= Hilary Dulcie Cobbett =

English painter

Hilary Dulcie Cobbett (19 February 1885 - 26 February 1976) was an English watercolour and oil painter.

==Early life==
Cobbett was born in Richmond, Surrey, the daughter of William Vines Holt Cobbett, a solicitor, and Kate Cobbett (née Sandilands). She was brought up in Richmond and studied at the Richmond School of Art from 1903 to 1905 and then again from 1924 to 1927.

==Career==
In a long professional career Cobbett painted extensively in France, and also in Italy, Portugal, Belgium, Holland, and along the coasts of Cornwall, Devon, Sussex and Norfolk. She exhibited at the Royal Academy, Royal Society of British Artists, Royal Institute of Oil Painters, and Royal Institute of Painters in Water Colours.
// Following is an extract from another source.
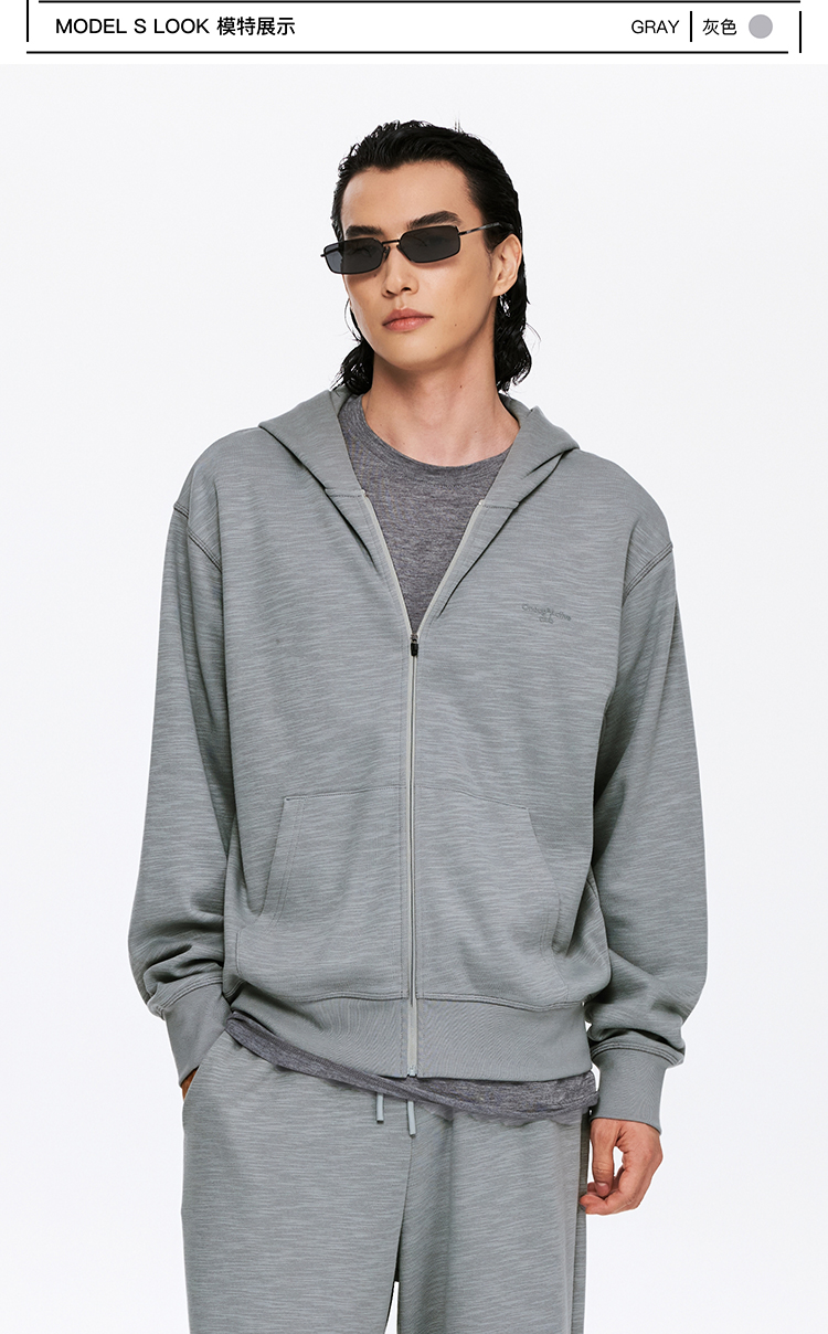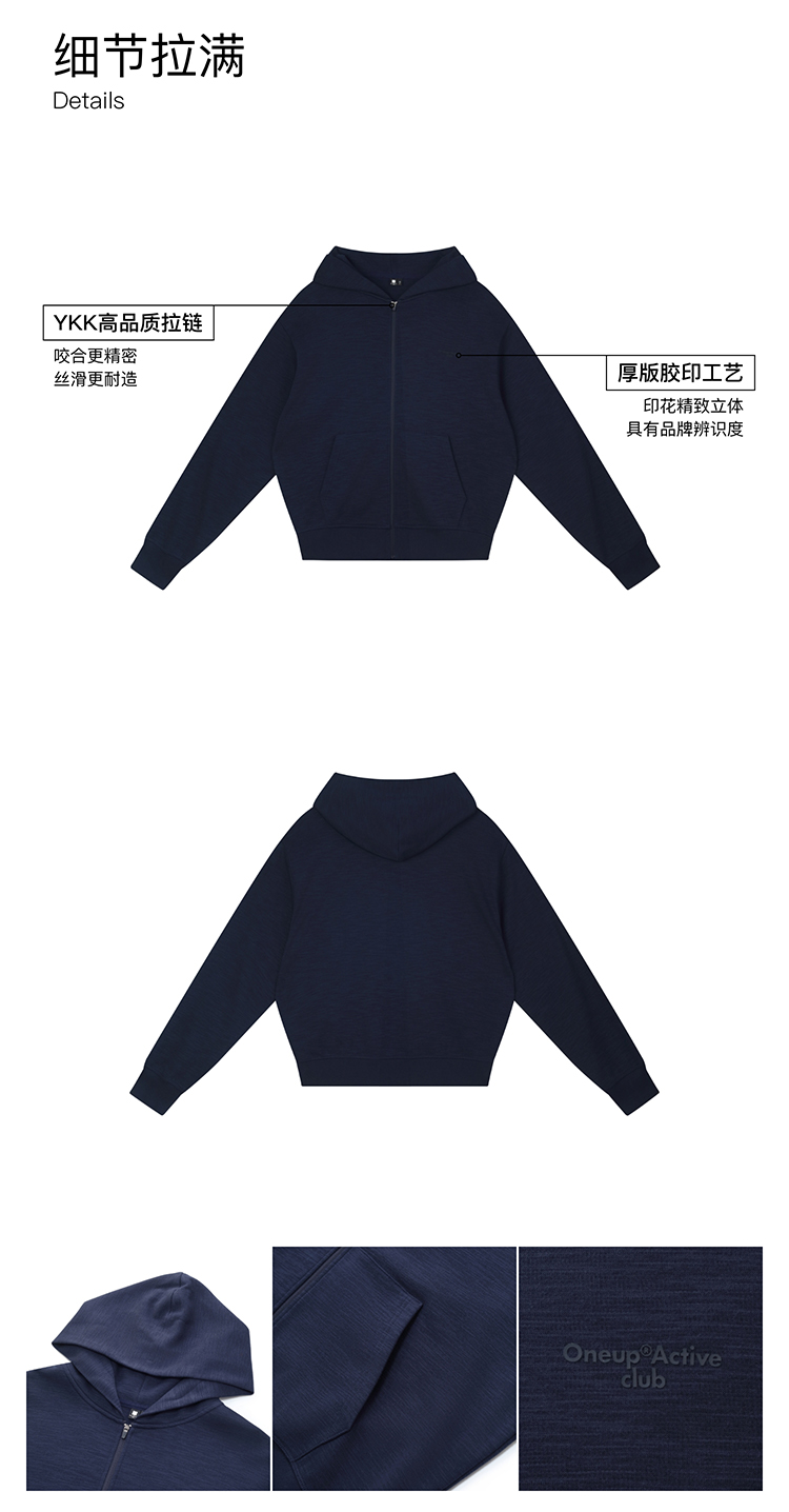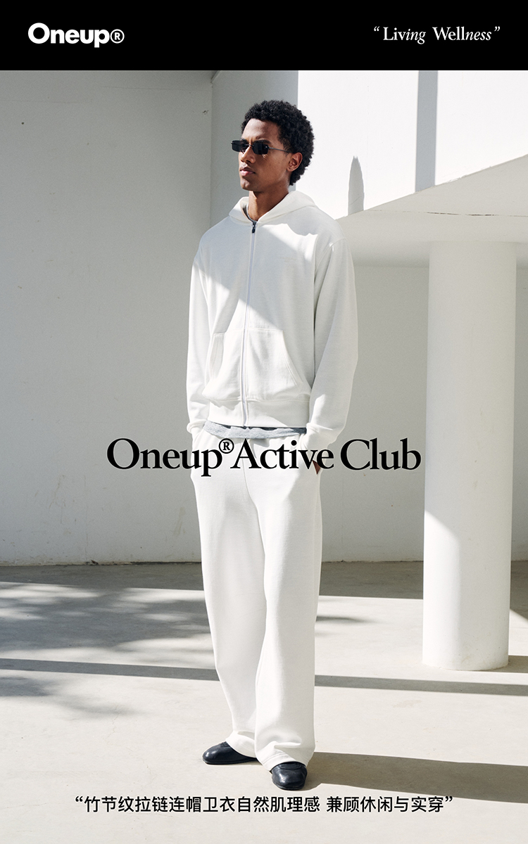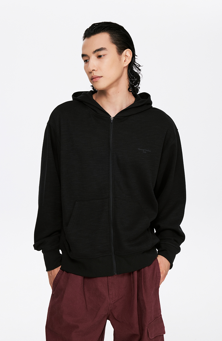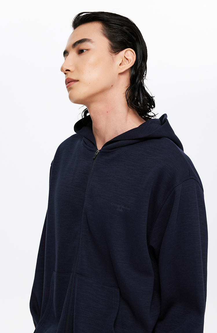 oneup竹节纹拉链连帽卫衣(男女同款)

She was a founder member of the Royal Society of Marine Artists in 1939 and became a full member of the Society of Women Artists in 1961.

The art galleries where examples of her work can be seen include Orleans House in Richmond and the National Maritime Museum Cornwall.

==Personal life==
Cobbett never married and died in Coulsdon, London, aged 91. She was related, by her sister’s marriage to the painter Edward John Cobbett.